Activity: Each entry should be transcribed exactly as written, and any picture left out.

Supplied data:
************

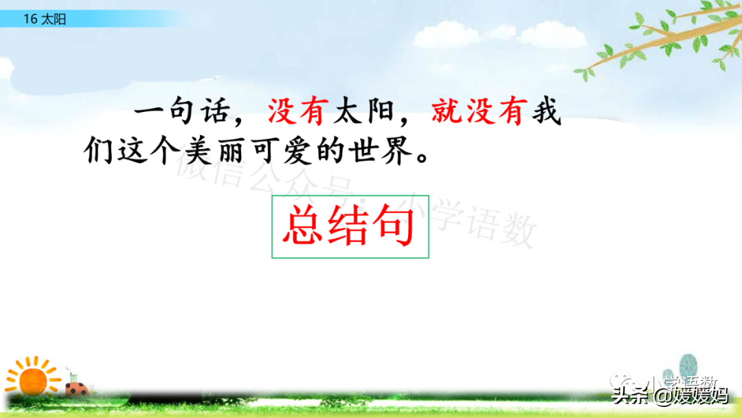 2. 一句话,没有太阳,就没有我们这个美丽可爱的世界。
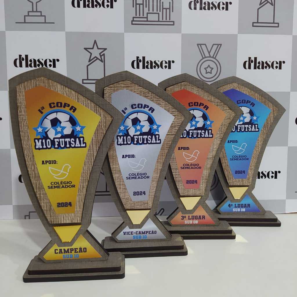 Kit 4 troféus em MDF com acrílico espelhado personalizado para futevôlei, vôlei, beach Tennis
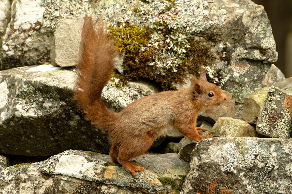 Backwoodsman confesses that he is not entirely immune to the charms of Grey Squirrels – they have a way about them. There is a place in Kelvingrove Park where students from East Asia go to feed Grey Squirrels and take photographs; the squirrels attending this site know how to put a best paw forward. The whole narrative of invasive species versus native species is a slippery one, but it is disagreeable to think of Red Squirrels being driven entirely from large swathes of territory and infected with viral disease. Fortunately, Reds are being looked after and may be said to be on the march (or possibly bound); one even turned up in Bishopbriggs, just a few miles from where we stay, last summer.
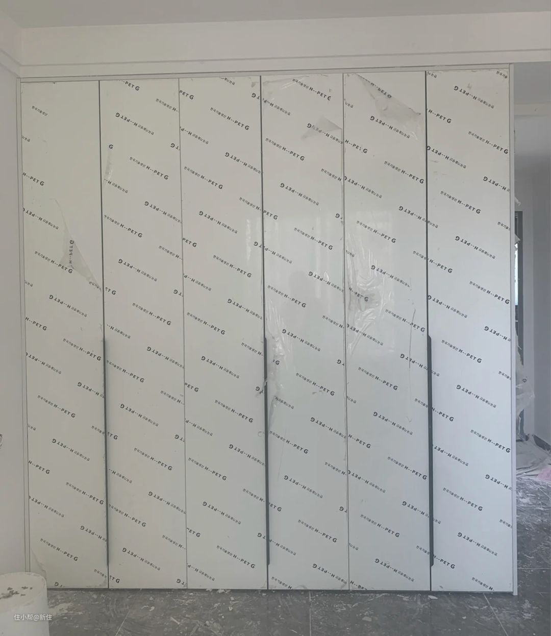 这样,一来是免得开荒保洁、装门时严重的灰尘再飞到柜子上,引起的二次清洁,二来是进床和其它家具时,也能暂且保护下柜子不被直接蹭到。
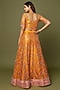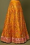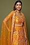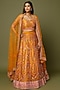 Featuring a mustard yellow lehenga in net base with mirror, zari, and thread embroidery. It is paired with a matching embroidered blouse and a dupatta.
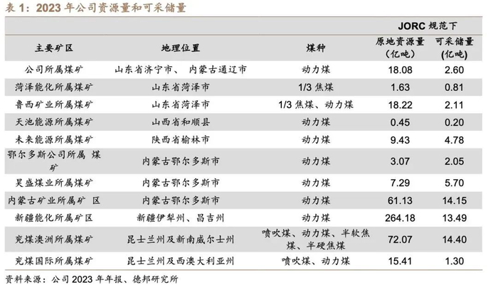 所属矿区地域优势显著,储量充足。公司煤炭储量属于高品质煤炭,具有特低灰、特低磷、特低硫和高发热量的特点,涵盖了动力煤、1/3焦煤、喷吹煤、半软焦煤和半硬焦煤等多种类型,广泛应用于电力、化肥和冶金等多个行业。公司近年来持续优化区域布局和资源配置,提出“三大会战”和“八大工程”的战略规划,将集中优势资源加强陕蒙区域开发建设,全面带动集团整体产业布局优化。截至2023 年,公司境内国家标准资源量为383.48亿吨、可采储量 45.89 亿吨,其中优势采煤区晋陕蒙及新疆分别占44、22%。澳洲基地可采储量为15.7 亿吨。
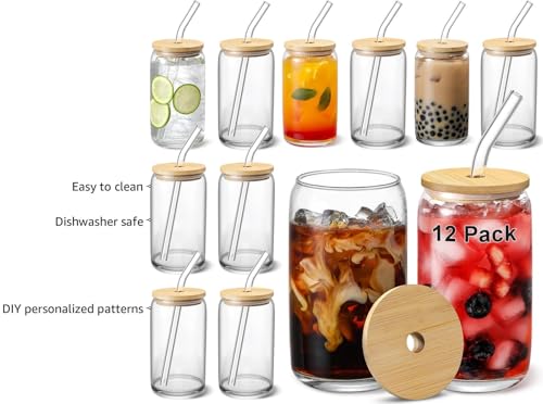 VITEVER 2 Pack Glass Cups with Bamboo Lids and Glass Straw - Beer Can Shaped 16 oz Iced Coffee Drinking Glasses Cute Tumbler Cup for Smoothie Boba Tea Whiskey Water Price in USA
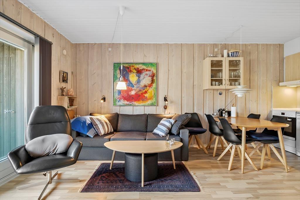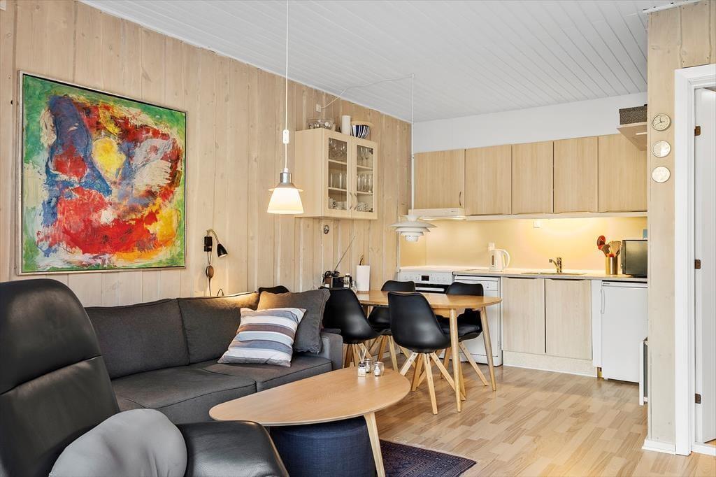 Stuelejlighedens 48 m² er fornuftigt indrettet, så det er muligt at være op til fire personer og et husdyr inden døre. To personer kan sove på dobbeltsengen på værelset, og derudover er der plads til yderligere to på sovesofaen i stuen. I løbet af dagen er det hyggeligt at samles i stuen for at spille yatzy, se film eller hvad, I nu holder af at gøre, når det er ferietid. Måltiderne kan let trylles frem i det åbne køkken, og takket være opvaskemaskinen er det også nemt at rydde af efterfølgende.
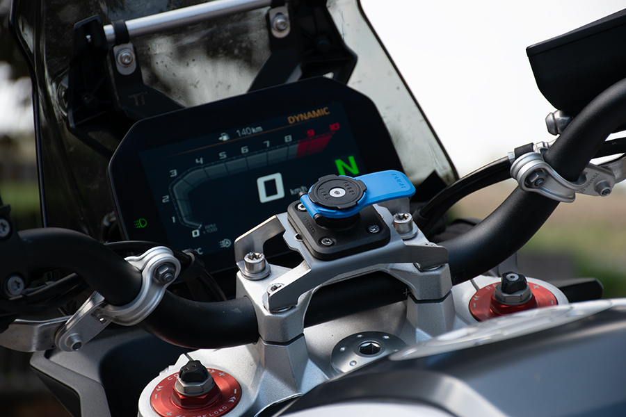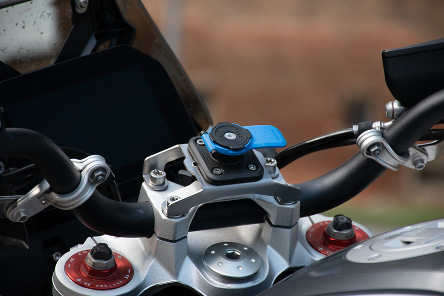 La base di supporto GPS/QuadLock è stata appositamente progettata per il montaggio diretto sui riser della F900GS nell’ottica di contenere al massimo i pesi ma soprattutto della migliore ergonomia di montaggio possibile. La particolare inclinazione del piano di appoggio consente la perfetta visione dello strumento che si andrà a montare.

************

Answer below:
 2. 一句话,没有太阳,就没有我们这个美丽可爱的世界。
 Kit 4 troféus em MDF com acrílico espelhado personalizado para futevôlei, vôlei, beach Tennis
 Backwoodsman confesses that he is not entirely immune to the charms of Grey Squirrels – they have a way about them. There is a place in Kelvingrove Park where students from East Asia go to feed Grey Squirrels and take photographs; the squirrels attending this site know how to put a best paw forward. The whole narrative of invasive species versus native species is a slippery one, but it is disagreeable to think of Red Squirrels being driven entirely from large swathes of territory and infected with viral disease. Fortunately, Reds are being looked after and may be said to be on the march (or possibly bound); one even turned up in Bishopbriggs, just a few miles from where we stay, last summer.
 这样,一来是免得开荒保洁、装门时严重的灰尘再飞到柜子上,引起的二次清洁,二来是进床和其它家具时,也能暂且保护下柜子不被直接蹭到。
 Featuring a mustard yellow lehenga in net base with mirror, zari, and thread embroidery. It is paired with a matching embroidered blouse and a dupatta.
 所属矿区地域优势显著,储量充足。公司煤炭储量属于高品质煤炭,具有特低灰、特低磷、特低硫和高发热量的特点,涵盖了动力煤、1/3焦煤、喷吹煤、半软焦煤和半硬焦煤等多种类型,广泛应用于电力、化肥和冶金等多个行业。公司近年来持续优化区域布局和资源配置,提出“三大会战”和“八大工程”的战略规划,将集中优势资源加强陕蒙区域开发建设,全面带动集团整体产业布局优化。截至2023 年,公司境内国家标准资源量为383.48亿吨、可采储量 45.89 亿吨,其中优势采煤区晋陕蒙及新疆分别占44、22%。澳洲基地可采储量为15.7 亿吨。
 VITEVER 2 Pack Glass Cups with Bamboo Lids and Glass Straw - Beer Can Shaped 16 oz Iced Coffee Drinking Glasses Cute Tumbler Cup for Smoothie Boba Tea Whiskey Water Price in USA
 Stuelejlighedens 48 m² er fornuftigt indrettet, så det er muligt at være op til fire personer og et husdyr inden døre. To personer kan sove på dobbeltsengen på værelset, og derudover er der plads til yderligere to på sovesofaen i stuen. I løbet af dagen er det hyggeligt at samles i stuen for at spille yatzy, se film eller hvad, I nu holder af at gøre, når det er ferietid. Måltiderne kan let trylles frem i det åbne køkken, og takket være opvaskemaskinen er det også nemt at rydde af efterfølgende.
 La base di supporto GPS/QuadLock è stata appositamente progettata per il montaggio diretto sui riser della F900GS nell’ottica di contenere al massimo i pesi ma soprattutto della migliore ergonomia di montaggio possibile. La particolare inclinazione del piano di appoggio consente la perfetta visione dello strumento che si andrà a montare.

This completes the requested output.